Department of Health officials have told a Senate inquiry abolishing so-called 'junk' health insurance policies would lead to an across the board 15 per cent rise in premiums.
Appearing before the Senate inquiry into the value and affordability of private health insurance and out-of-pocket medical costs, senior departmental officials faced questioning on health funds offering policies with exclusions.
The number of people taking out policies with exclusions jumped significantly following changes to indexation of the private health insurance rebate that reduced its share of premiums. However, the rate of that growth has slowed in recent years.
The emergence of policies with exclusions has attracted criticism, including from the AMA, however insurers argue they meet the specific needs of some consumer groups, including low income earners in rural and regional communities who want their choice of doctor but only have access to a public hospital, and people living with chronic conditions who choose to see particular specialists who only work in the public hospital system.

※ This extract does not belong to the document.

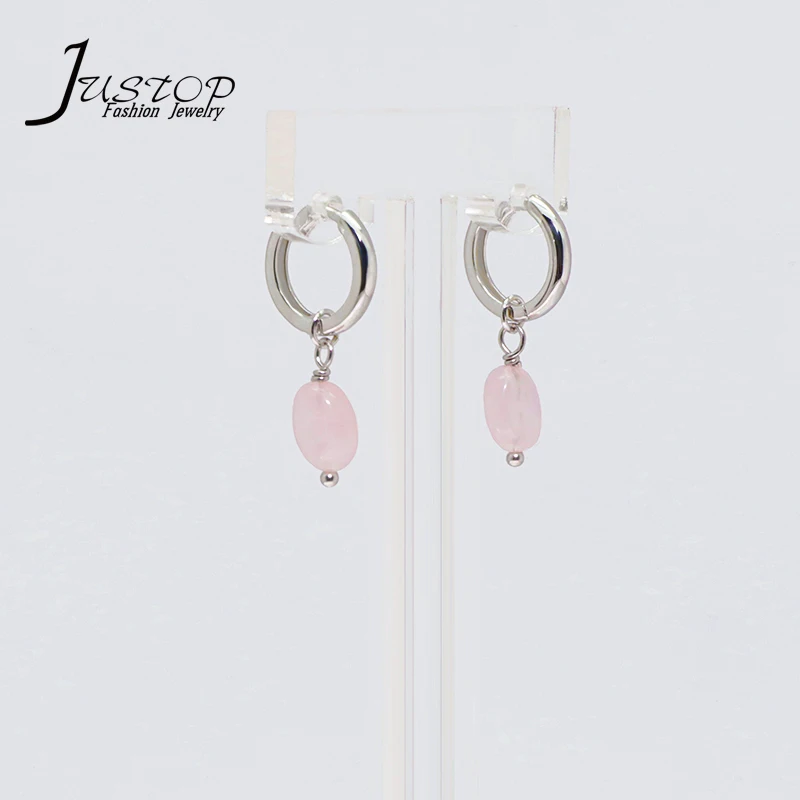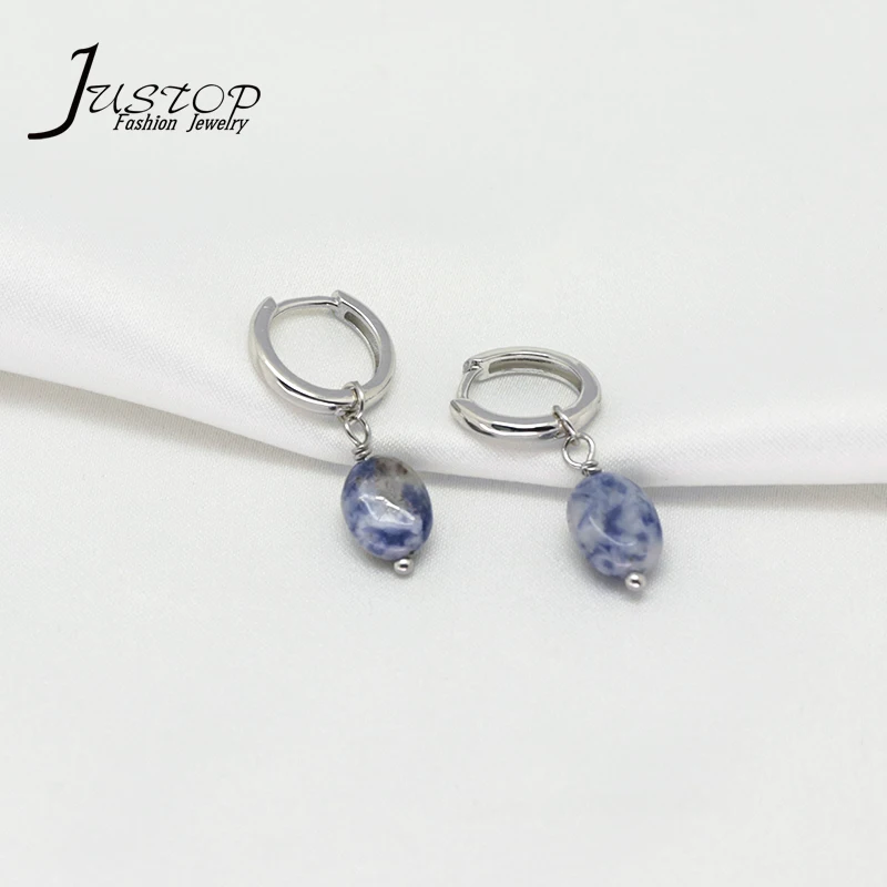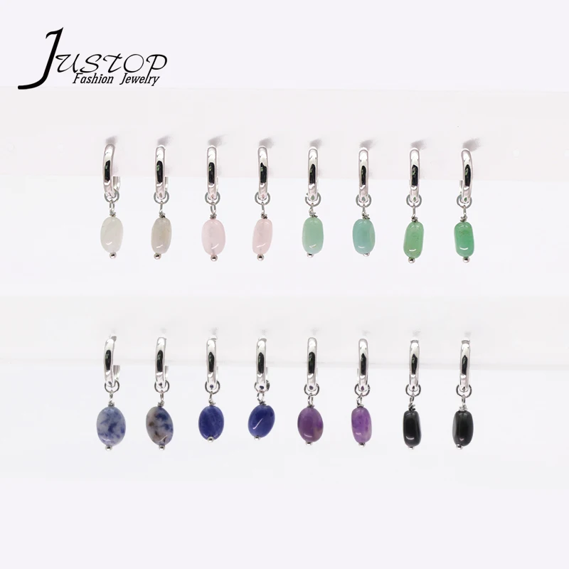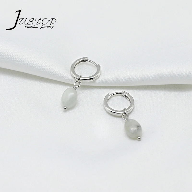 Simple Natural Stone Jewelry Ladies 925 Sterling Silver Hoop Green Aventurine Small Jade Drop Earrings Jewelry

Younger people, who might choose products with exclusions because they reflect their limited need, also tend to transition to more substantive policies as they move into different life stages.
Under questioning from Australian Greens leader Senator Richard Di Natale, officials did not accept the term ‘junk’ policies, saying "all policies make a contribution to keeping premiums affordable."
One official compared them to people taking out a gym membership but never making use of it.
They told the inquiry the Private Health Ministerial Advisory Committee, established by former minister Sussan Ley in 2016, has "examined" the issue at great length and concluded eliminating policies with exclusions would lead to an immediate 15 per cent across-the-board increase in premiums.
On the impact of the reforms recently announced by health minister Greg Hunt, the officials said they can "definitely say" premiums will not go up by as much as they would have.